歌言葉の「言の心」を心得て、戯れの意味も知る

「浅緑…新緑の色…浅みどり…浅見とり…浅い交情」「み…見…覯…媾…まぐあい」「いと…糸…柳の細枝…非常に…たいそう」「よりかけて…撚りかけて…強くして」「白露…夜露・朝露…白つゆ…おとこ白つゆ」「たま…玉…珠…真珠…数珠」「にも…「ぬける…貫いた…(珠を糸で)貫き束ねた…抜ける…離れ出た」「春…季節の春…青春…春情…張る」「柳…しだれ木…木の言の心は男…枝垂れ木…肢垂れ男」「か…感嘆・詠嘆…かな」

 

新緑の細枝に撚りをかけて、白露を真珠のように貫き束ねた柳かな。――歌の清げな姿。

浅い夢中の春情のおとこ白つゆを、真珠のように、ぬいている、我がはるの垂れ枝よ。――心におかしきところ。

 

僧正遍昭(遍照とも)、俗名は良岑宗貞。左近少将、蔵人、三十数歳の頃、嘉祥三年(850)仁明天皇の崩御により出家した。

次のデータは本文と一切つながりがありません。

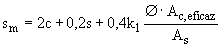 sm - Alargamiento medio de las armaduras, teniendo en cuenta la colaboración del hormigón entre fisuras.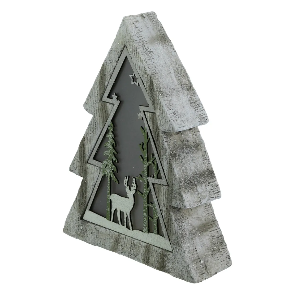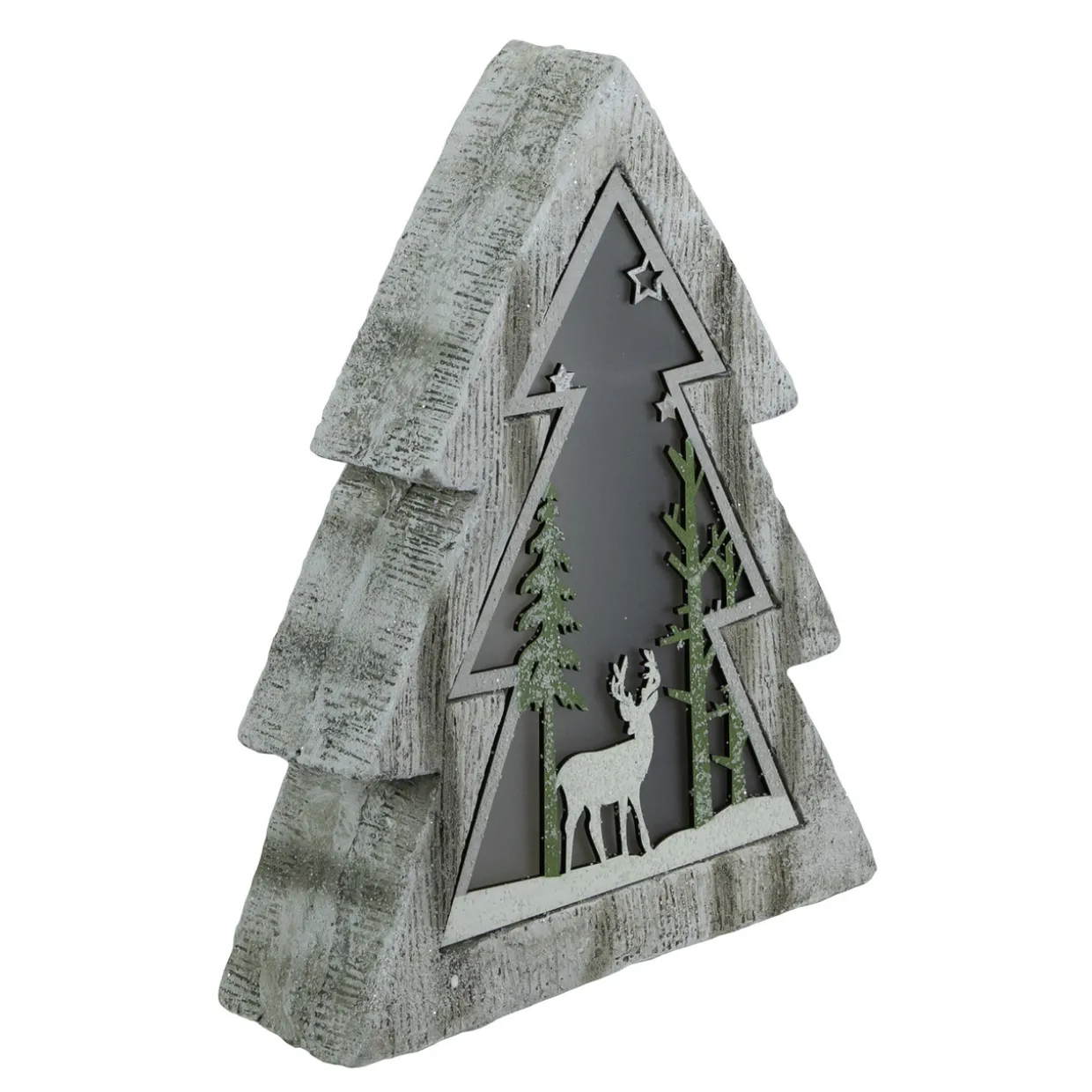 - Led Lighted Reindeer In Woods Tree Scene Christmas Decoration

断ち難き煩悩は否応なく張るの身の枝に白つゆとなって露出する。それを「清げな姿」にして、言の戯れを利して「心におかしく」表出した。そこに、にわかに出家した作者の「深い心」があるだろう。

 

国文学的解釈の共通するところは、真珠を貫き連ねたように、白露を付けて立つ春の柳を見て、自然観照して、愛でている作者に、どのように感情移入するかに、解釈の重点があるかのようである。平安時代とは、解釈の次元が異なるのである。